» **Exercise**:
All of the entries must be reproduced exactly, with no images carried over.

Records from a data collection:

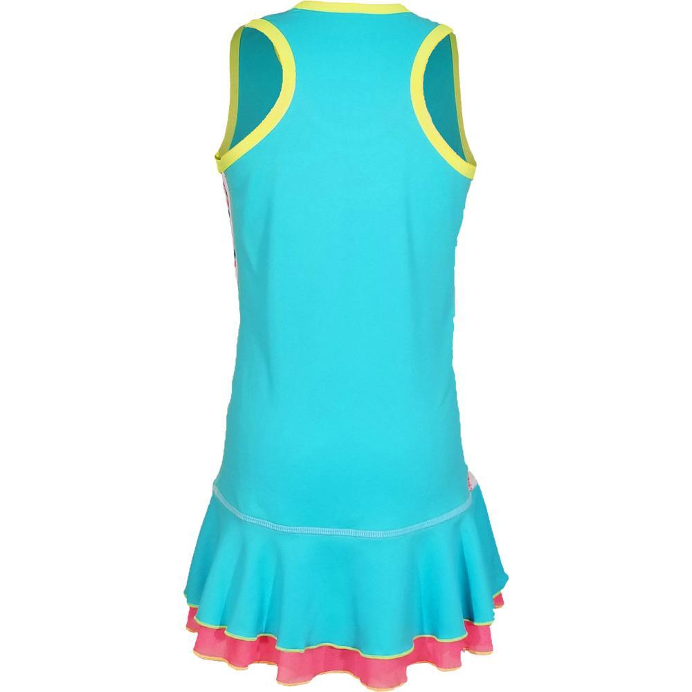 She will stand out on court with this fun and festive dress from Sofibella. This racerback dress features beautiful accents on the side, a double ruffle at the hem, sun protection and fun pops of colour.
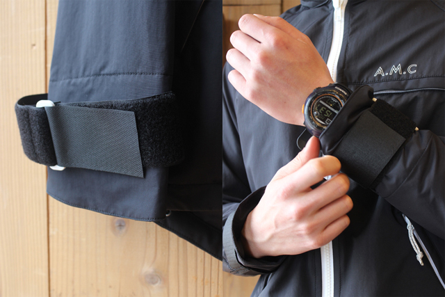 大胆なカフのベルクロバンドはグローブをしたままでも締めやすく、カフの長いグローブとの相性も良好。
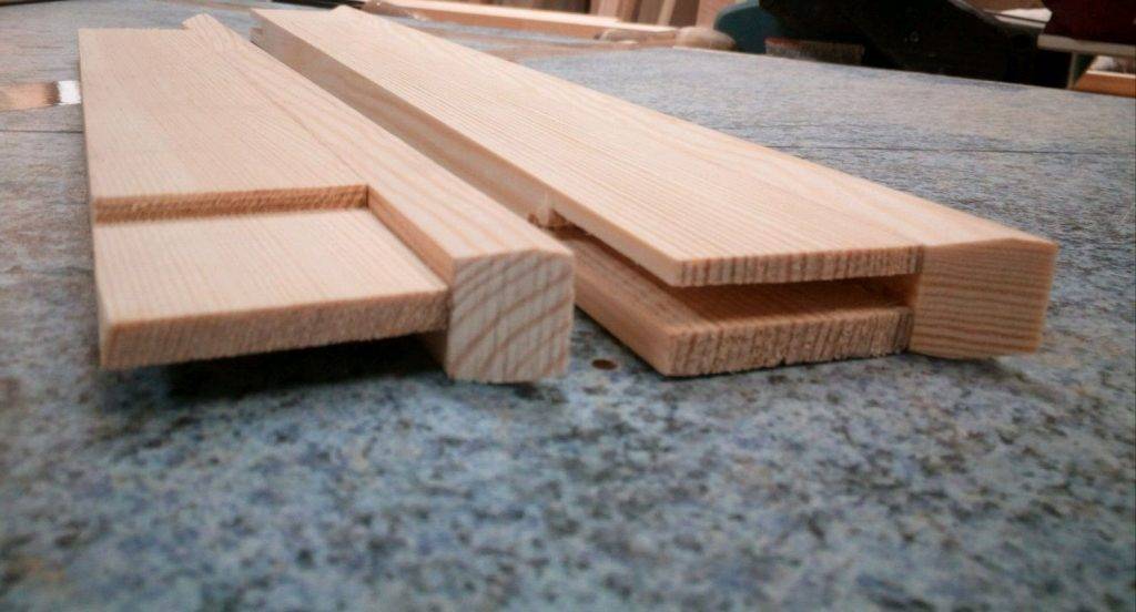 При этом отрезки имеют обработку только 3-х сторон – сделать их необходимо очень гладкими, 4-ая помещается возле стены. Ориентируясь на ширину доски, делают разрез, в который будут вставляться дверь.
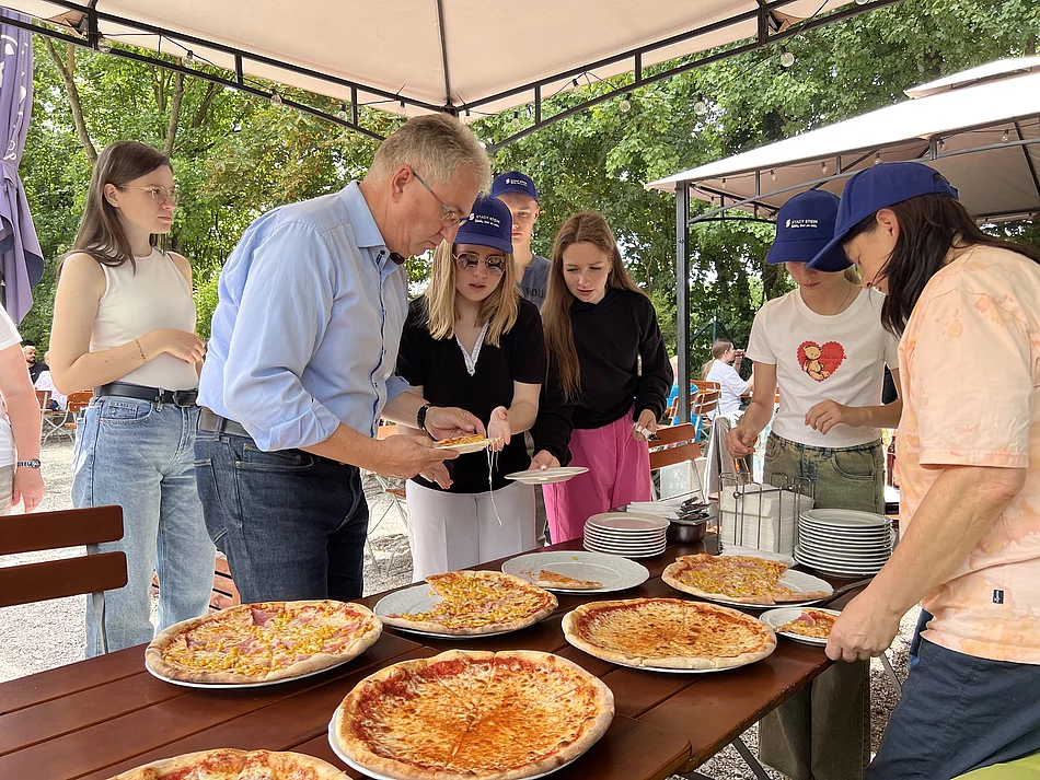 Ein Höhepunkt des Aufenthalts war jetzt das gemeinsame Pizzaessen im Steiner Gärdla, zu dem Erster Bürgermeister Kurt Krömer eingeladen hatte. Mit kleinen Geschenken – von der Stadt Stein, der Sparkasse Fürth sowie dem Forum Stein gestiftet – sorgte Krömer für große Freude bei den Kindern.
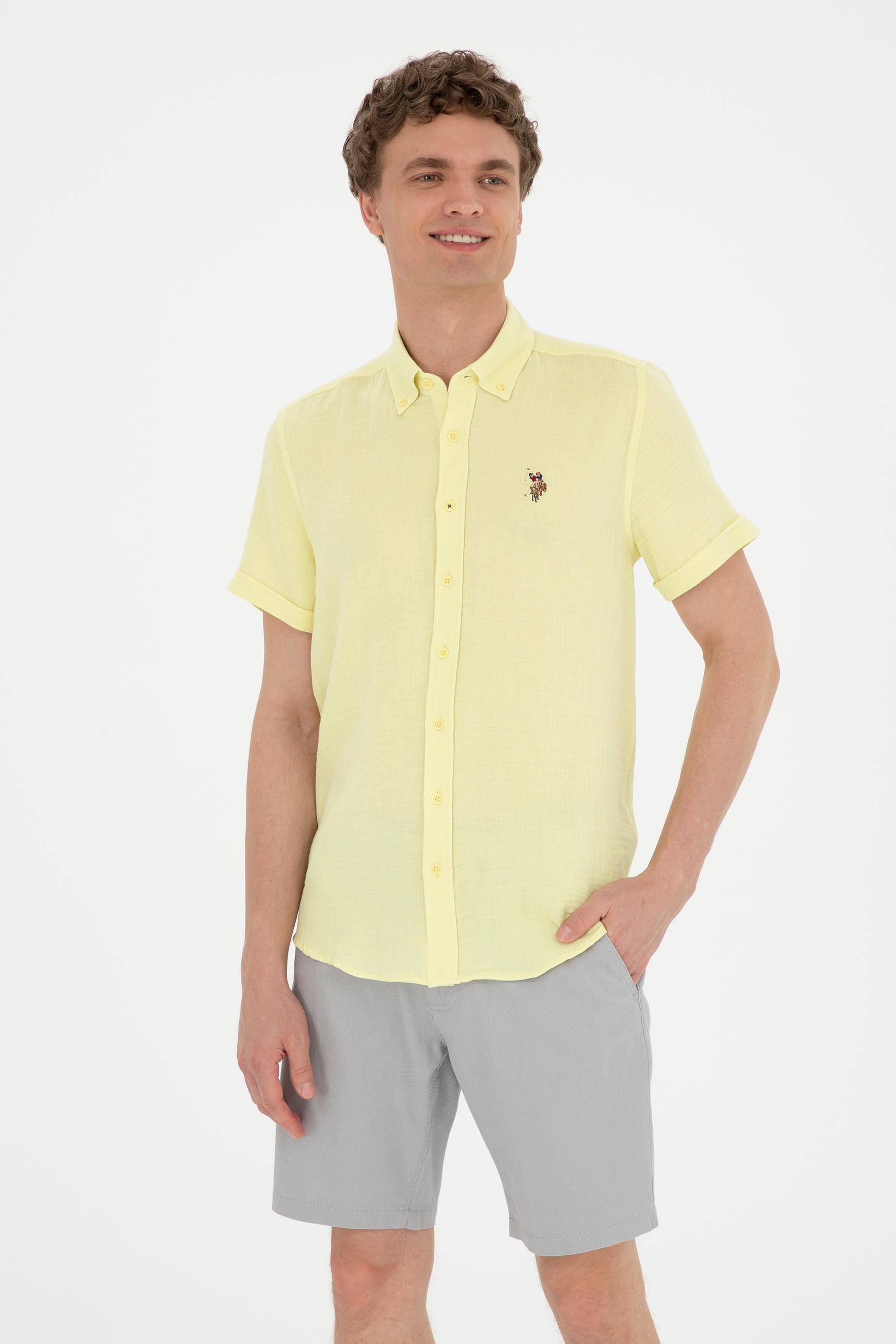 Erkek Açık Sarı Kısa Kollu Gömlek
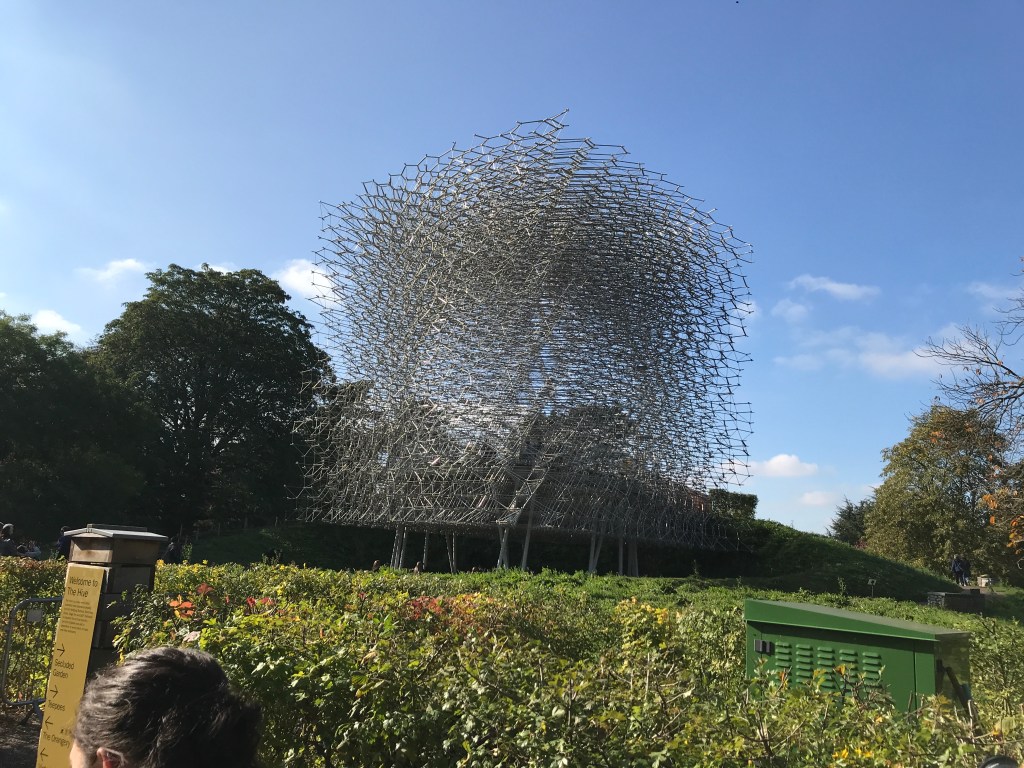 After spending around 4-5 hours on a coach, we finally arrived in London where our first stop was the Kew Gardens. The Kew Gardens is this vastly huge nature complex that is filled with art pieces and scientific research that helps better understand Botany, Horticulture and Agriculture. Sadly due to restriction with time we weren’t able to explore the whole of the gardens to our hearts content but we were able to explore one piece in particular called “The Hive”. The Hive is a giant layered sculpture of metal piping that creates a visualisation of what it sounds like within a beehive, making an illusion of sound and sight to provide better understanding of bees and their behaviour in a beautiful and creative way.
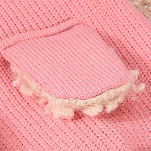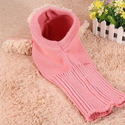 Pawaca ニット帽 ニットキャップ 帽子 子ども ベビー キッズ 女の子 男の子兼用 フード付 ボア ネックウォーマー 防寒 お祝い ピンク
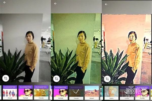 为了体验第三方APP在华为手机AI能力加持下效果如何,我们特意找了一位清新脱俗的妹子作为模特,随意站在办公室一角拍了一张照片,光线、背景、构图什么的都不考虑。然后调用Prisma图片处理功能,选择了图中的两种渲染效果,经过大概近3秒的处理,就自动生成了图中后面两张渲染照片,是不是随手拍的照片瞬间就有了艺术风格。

» **Response**:
 She will stand out on court with this fun and festive dress from Sofibella. This racerback dress features beautiful accents on the side, a double ruffle at the hem, sun protection and fun pops of colour.
 大胆なカフのベルクロバンドはグローブをしたままでも締めやすく、カフの長いグローブとの相性も良好。
 При этом отрезки имеют обработку только 3-х сторон – сделать их необходимо очень гладкими, 4-ая помещается возле стены. Ориентируясь на ширину доски, делают разрез, в который будут вставляться дверь.
 Ein Höhepunkt des Aufenthalts war jetzt das gemeinsame Pizzaessen im Steiner Gärdla, zu dem Erster Bürgermeister Kurt Krömer eingeladen hatte. Mit kleinen Geschenken – von der Stadt Stein, der Sparkasse Fürth sowie dem Forum Stein gestiftet – sorgte Krömer für große Freude bei den Kindern.
 Erkek Açık Sarı Kısa Kollu Gömlek
 After spending around 4-5 hours on a coach, we finally arrived in London where our first stop was the Kew Gardens. The Kew Gardens is this vastly huge nature complex that is filled with art pieces and scientific research that helps better understand Botany, Horticulture and Agriculture. Sadly due to restriction with time we weren’t able to explore the whole of the gardens to our hearts content but we were able to explore one piece in particular called “The Hive”. The Hive is a giant layered sculpture of metal piping that creates a visualisation of what it sounds like within a beehive, making an illusion of sound and sight to provide better understanding of bees and their behaviour in a beautiful and creative way.
 Pawaca ニット帽 ニットキャップ 帽子 子ども ベビー キッズ 女の子 男の子兼用 フード付 ボア ネックウォーマー 防寒 お祝い ピンク
 为了体验第三方APP在华为手机AI能力加持下效果如何,我们特意找了一位清新脱俗的妹子作为模特,随意站在办公室一角拍了一张照片,光线、背景、构图什么的都不考虑。然后调用Prisma图片处理功能,选择了图中的两种渲染效果,经过大概近3秒的处理,就自动生成了图中后面两张渲染照片,是不是随手拍的照片瞬间就有了艺术风格。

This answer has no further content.